Insert a new value and hit Apply
to see how many terms are retained/discarded by the new threshold.
Note that the default value of 1
will include all terms of a non-transformed table, as all terms are necessarily 1 or lower (moreover, there should automatically be at least a term per row that was significant, at P=0.05, in the files retrieved from STRING, otherwise the term would not appear in the table in the first place).

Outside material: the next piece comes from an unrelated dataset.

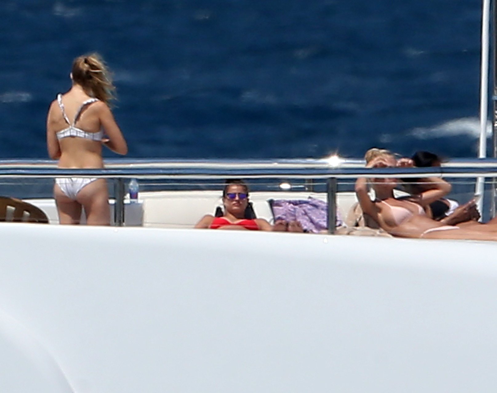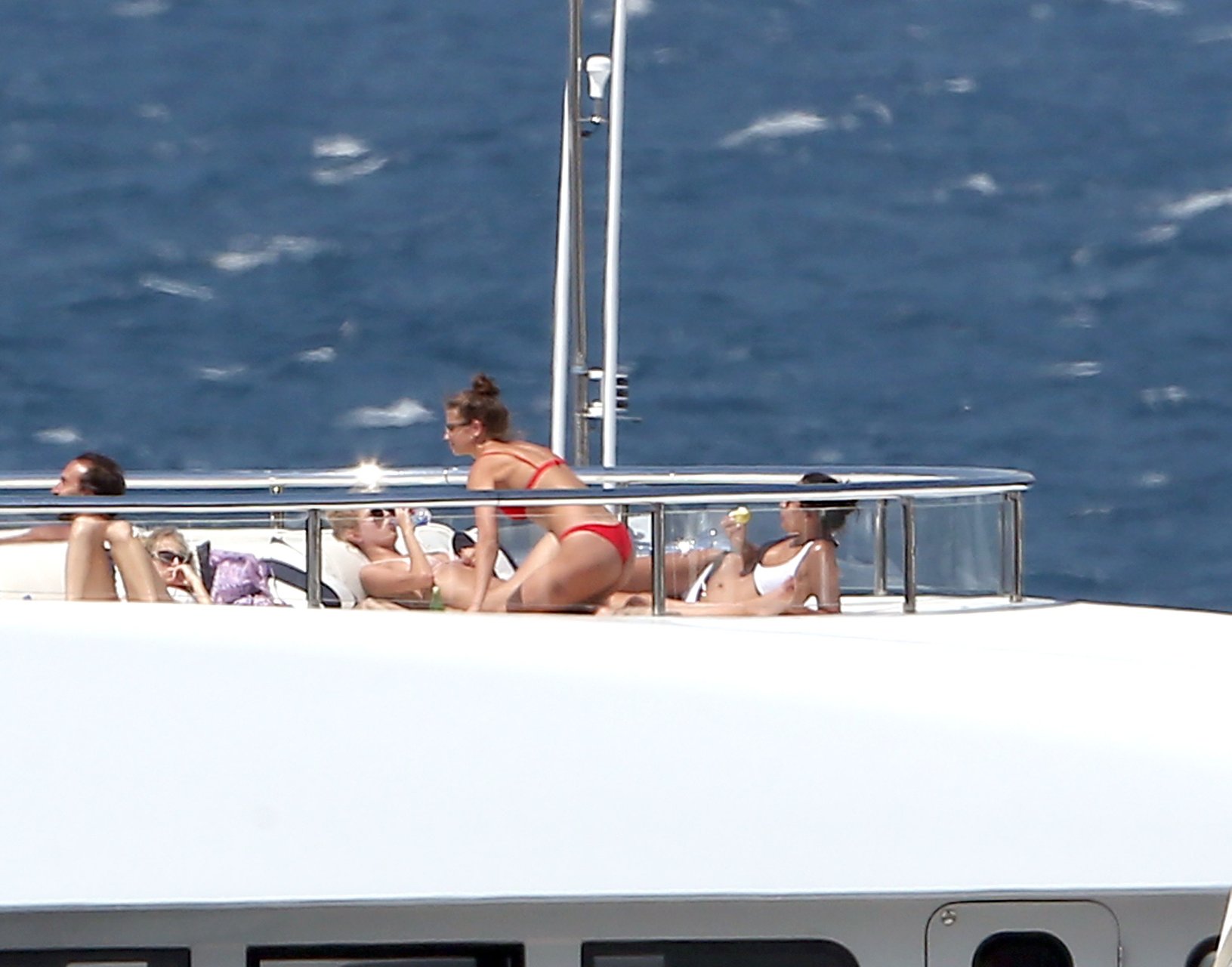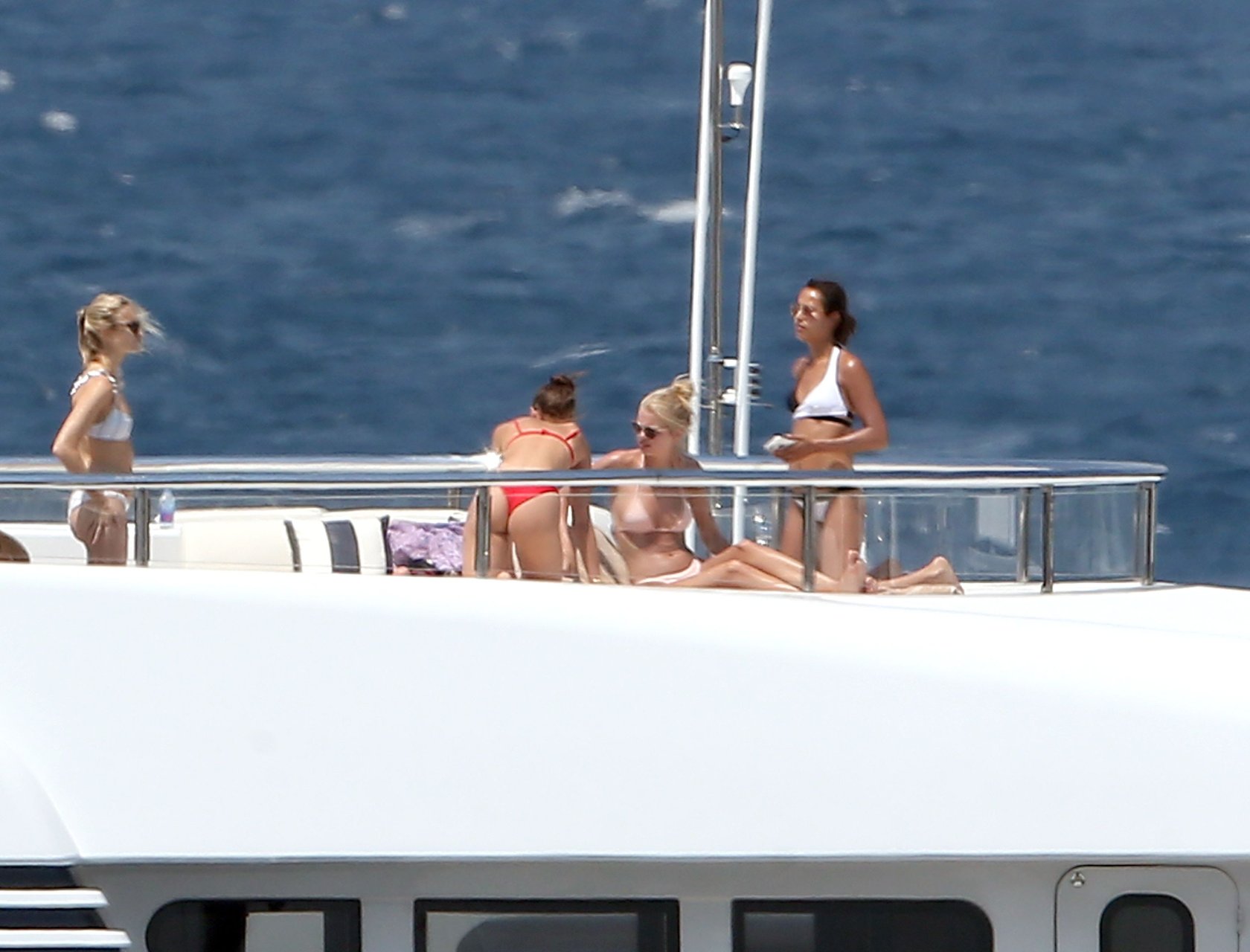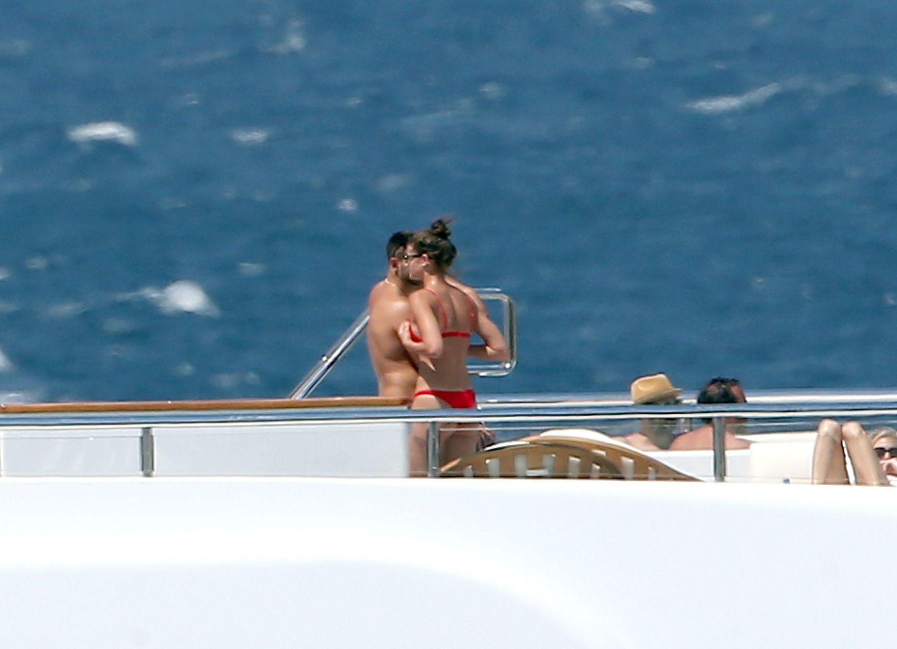 Taylor Marie Hill lleva un bikini rojo mientras disfruta con amigos en un mega yate en Saint-Tropez, 24/07/2017. Taylor Hill es una modelo de moda de Palatine (Condado de Cook, Illinois). Edad: 21 años.

To set a new threshold, for instance at P=0.001, one should input 0.001
, or 3
when log-transforming in base 10. Always hit Apply
.
Log base: choose the base for the logarithm.
DPI: choose the output image resolution in DPI (dot per inch). The higher, the larger the image.
Apply: Applies the current settings to the table, and shows how the settings impact on the table.
Choose terms..: This button opens a dialog to choose the terms. An example:
In this example, the results table contains terms that are irrelevant in the analysis being made. When loading a new table, all terms are automatically included, but the user chan choose to untick the terms that are unwanted. If a new P-value cutoff is applied, restring
remembers the user choice even if some of the terms are now removed from the term list and are added back to the table at a later time.
Hit Apply & OK
to apply the choice and close the window.
Choose col order: The user can reorder the column order by dragging the column names. Multiple adjacent columns can be selected and dragged together (this is ineffective if Cluster rows is flagged).
Hit OK
to apply and close the window.
Draw clustermap: Draws, saves and opens the clustermap.
Reset: Reloads the input table and clears term selection.
Help: Opens a dialog that briefly outlines the procedure.
Online Manual: Opens the default browser at the clustermap help section.
Close: Closes the window.
Bubble plot
restring
makes it easy to inspect the results by visualizing summary-type tables as bubble plots.
In the menu, choose Analysis > Draw bubble plot
to open the Draw bubble plot window:
The bubble plot emphasizes the information gathered in summary-type tables, drawing, for each selected term, a bubble whose color and size reflect the FDR (color) and number of genes shared between all experimental conditions for each term (size). Here is an example:
Bubble plot options
log transform: if flagged, the p-values are minus log-transformed with the specified base: -log(number, base chosen). Hit Apply
to apply.
P-value cutoff: For each term (row), if all values are higher than the specified threshold, the term is not included in the clustermap. For log-transformed heatmaps, for each term (row), if all values are lower than the specified threshold, the term is not included in the clustermap.
Insert a new value and hit Apply
to see how many terms are retained/discarded by the new threshold.
Note that the default value of 1
will include all terms of a non-transformed table, as all terms are necessarily 1 or lower (moreover, there should automatically be at least a term per row that was significant, at P=0.05, in the files retrieved from STRING, otherwise the term would not appear in the table in the first place).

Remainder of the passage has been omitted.